▶ _HOW TO COMPLETE THIS TASK_
Go through the listing and copy each line with the string "from".
(Beginning of INFORMATION SUPPLIED)
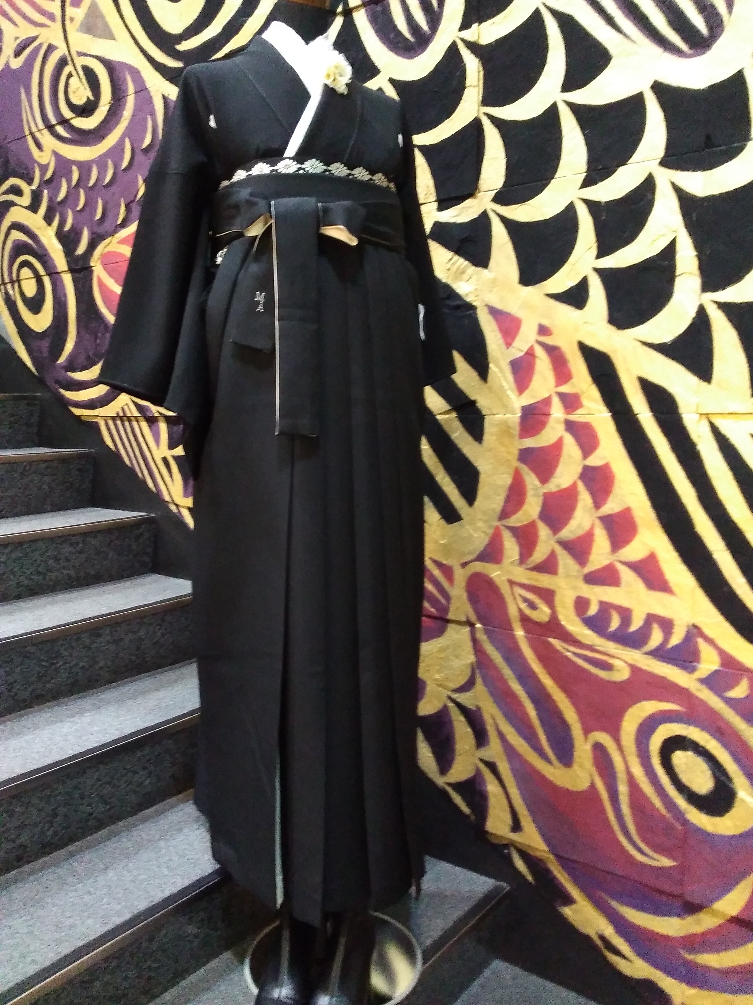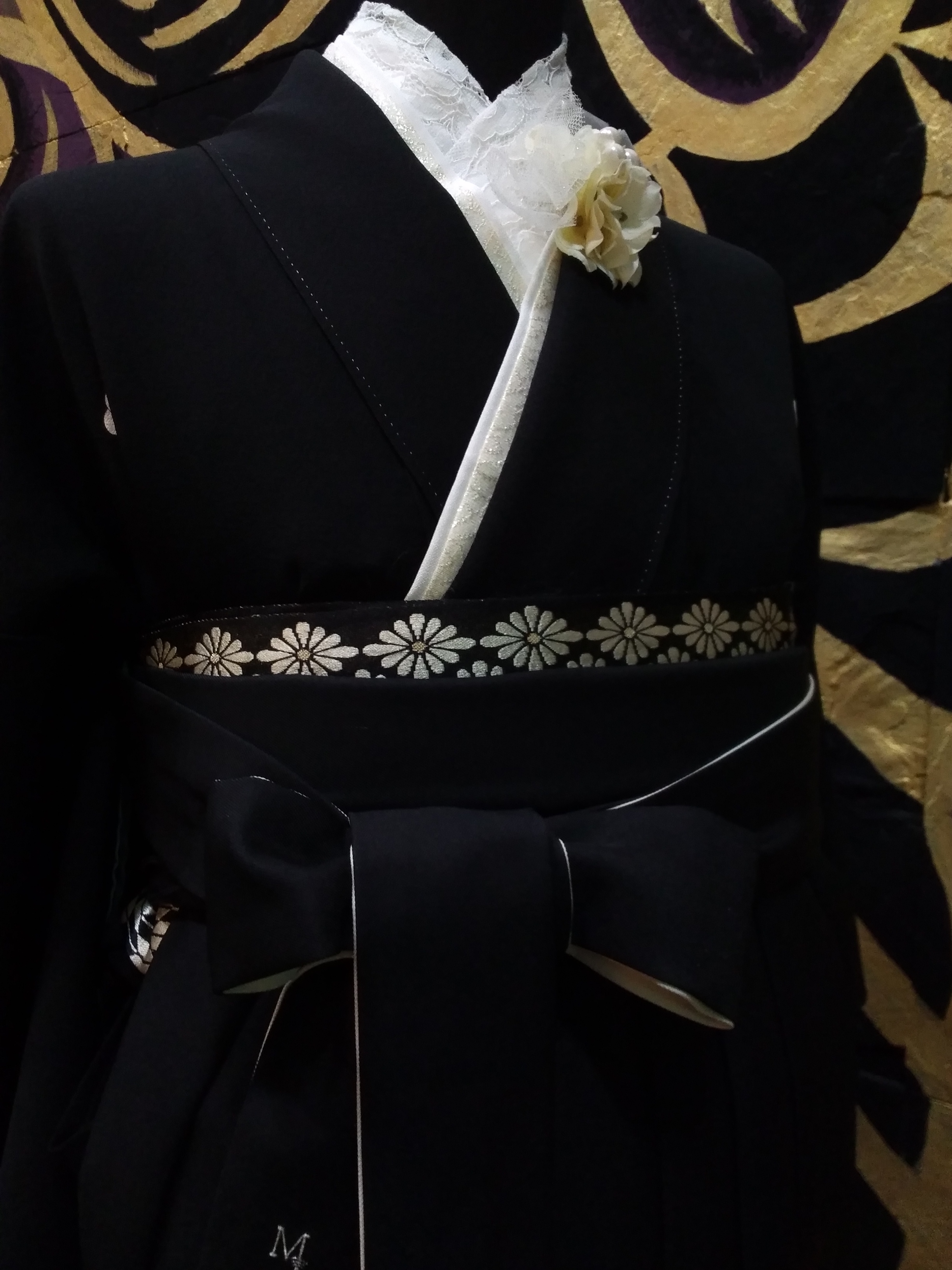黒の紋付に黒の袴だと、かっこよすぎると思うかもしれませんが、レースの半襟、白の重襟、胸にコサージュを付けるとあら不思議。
(End of INFORMATION SUPPLIED)
(Beginning of INFORMATION SUPPLIED)
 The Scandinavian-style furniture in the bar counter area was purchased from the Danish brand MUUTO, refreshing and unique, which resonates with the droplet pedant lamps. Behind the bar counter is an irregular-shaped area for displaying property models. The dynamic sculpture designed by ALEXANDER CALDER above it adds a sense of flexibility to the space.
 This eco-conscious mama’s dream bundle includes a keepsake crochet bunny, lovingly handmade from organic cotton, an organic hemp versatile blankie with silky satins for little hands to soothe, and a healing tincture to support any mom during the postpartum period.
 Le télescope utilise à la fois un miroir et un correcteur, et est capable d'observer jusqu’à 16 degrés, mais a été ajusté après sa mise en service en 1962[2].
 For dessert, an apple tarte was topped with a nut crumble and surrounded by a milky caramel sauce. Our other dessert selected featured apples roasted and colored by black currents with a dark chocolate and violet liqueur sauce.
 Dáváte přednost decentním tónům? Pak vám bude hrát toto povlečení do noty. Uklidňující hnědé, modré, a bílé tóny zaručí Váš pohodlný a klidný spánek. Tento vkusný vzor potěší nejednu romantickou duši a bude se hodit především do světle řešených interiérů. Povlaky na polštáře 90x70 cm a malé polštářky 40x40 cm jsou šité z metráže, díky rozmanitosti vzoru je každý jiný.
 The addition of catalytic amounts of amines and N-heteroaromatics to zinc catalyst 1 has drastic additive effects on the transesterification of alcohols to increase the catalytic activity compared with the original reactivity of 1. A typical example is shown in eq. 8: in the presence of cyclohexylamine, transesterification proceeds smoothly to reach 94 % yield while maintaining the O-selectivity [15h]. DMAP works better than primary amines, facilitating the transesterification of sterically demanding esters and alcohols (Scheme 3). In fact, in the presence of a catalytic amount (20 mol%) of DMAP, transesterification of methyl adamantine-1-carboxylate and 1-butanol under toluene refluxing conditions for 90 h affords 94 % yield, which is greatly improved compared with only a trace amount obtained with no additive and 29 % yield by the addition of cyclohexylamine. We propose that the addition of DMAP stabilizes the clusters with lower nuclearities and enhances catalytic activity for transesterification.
(End of INFORMATION SUPPLIED)
▶ _THE ANSWER_
 The Scandinavian-style furniture in the bar counter area was purchased from the Danish brand MUUTO, refreshing and unique, which resonates with the droplet pedant lamps. Behind the bar counter is an irregular-shaped area for displaying property models. The dynamic sculpture designed by ALEXANDER CALDER above it adds a sense of flexibility to the space.
 This eco-conscious mama’s dream bundle includes a keepsake crochet bunny, lovingly handmade from organic cotton, an organic hemp versatile blankie with silky satins for little hands to soothe, and a healing tincture to support any mom during the postpartum period.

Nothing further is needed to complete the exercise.